In this book, several protagonists go through significant psychological deterioration as well, and I would have to say that Higashino is a match for Dostoevsky in how he works these transformations. There is this strange sembelance to The Brothers Karamazov in the sense of the way it is structured and how some linear narratives also get added in-between.
Higashino has a superb sense of place for Tokyo. Of course that is also because he is a resident. However, having said that, there are a number of repetitive paths taken by numerous characters, and by the end of the book, you will feel as if you have walked them as well. He also knows how to describe the sciences and what he does with the plot. I loved the structure of the novel – it was crisp and to the point. Higashino never once beats around the bush, which can happen when writing a mystery novel. More so the translation worked just fine for me as well.
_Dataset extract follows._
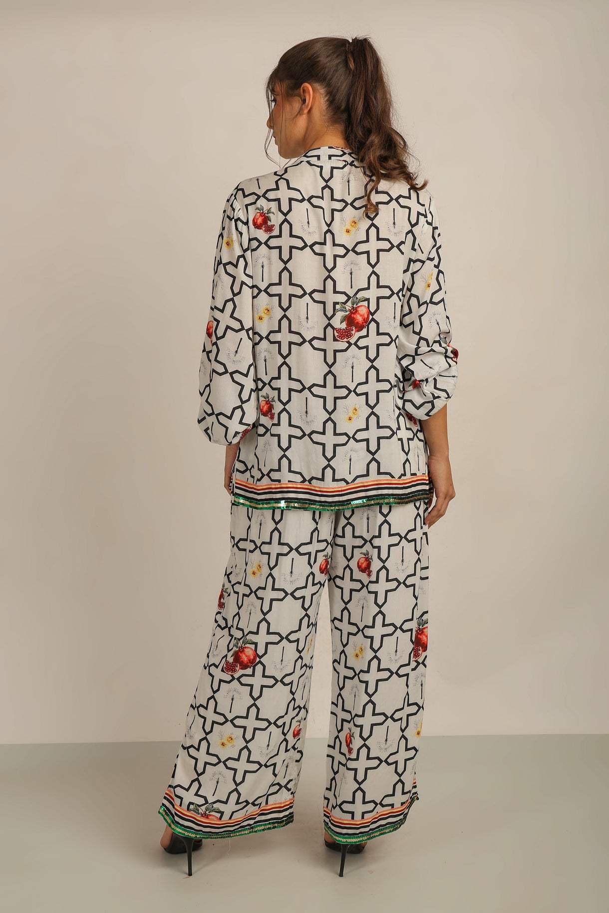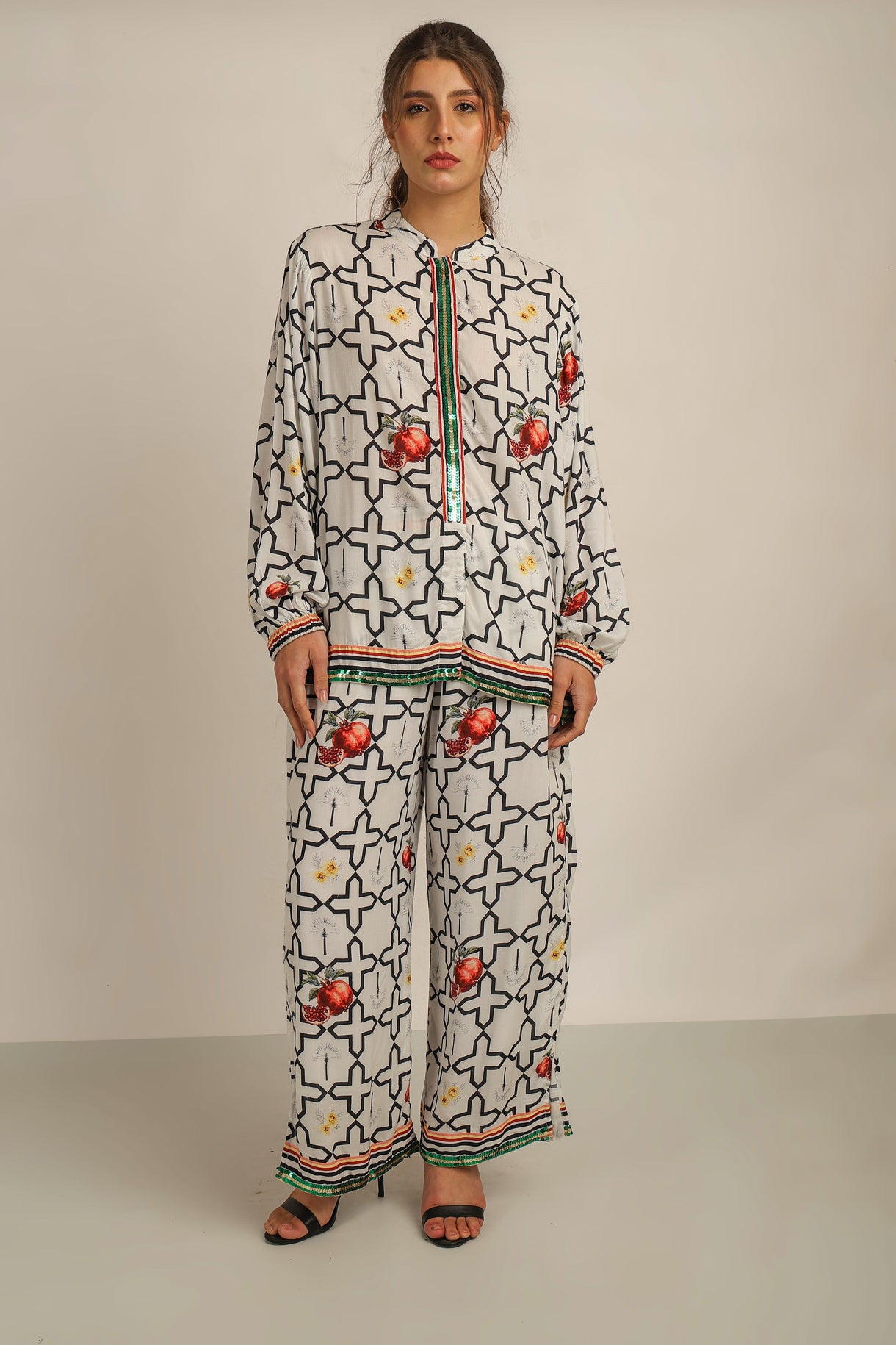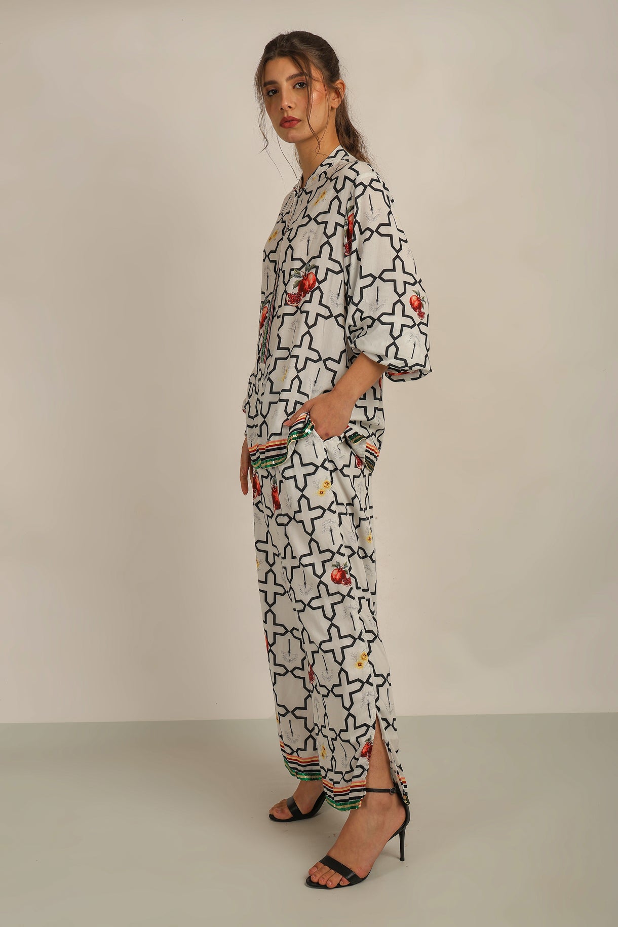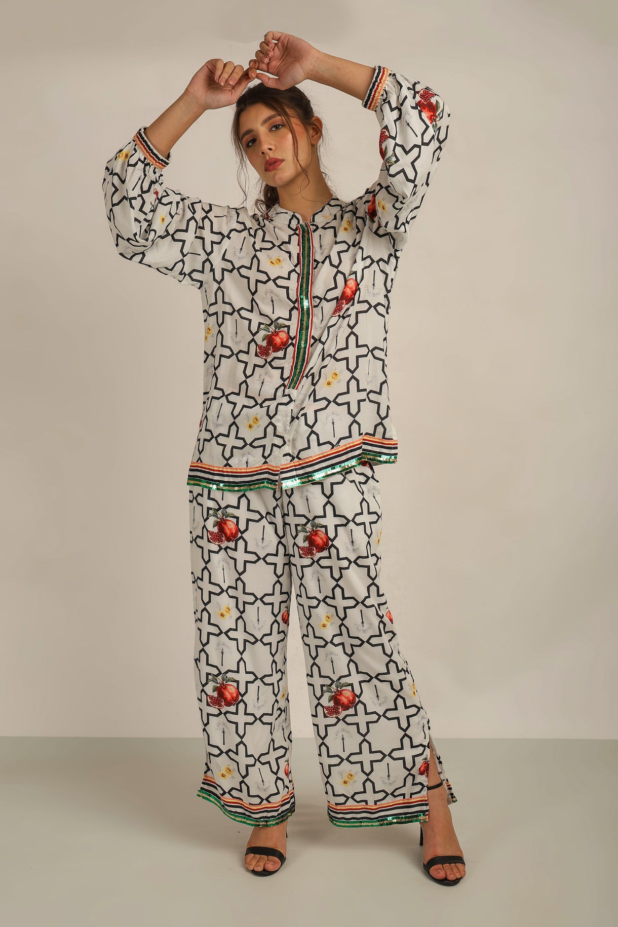 The MARRAKESH SHIRT features a unique Moroccan-inspired print that adds a touch of elegance to this classic shirt. The long sleeves provide coverage while the embellished sequin placket adds a subtle sparkle. Perfect for any occasion, this shirt is a must-have in your wardrobe.

I liked the way the Japanese line of thought was kept intact and the reader can almost sense the points of pure Japanese mystery, all thanks to the translator Alexander O. Smith. This is surprisingly the third mystery in the series written by the author, and this is probably the first translation amongst them. I am sure that more will be translated considering this one’s success. I enjoyed this read a lot, having completed it in one night. The Devotion of Suspect X is a kick-ass thriller/mystery and more books like these should be published, read and enjoyed by all.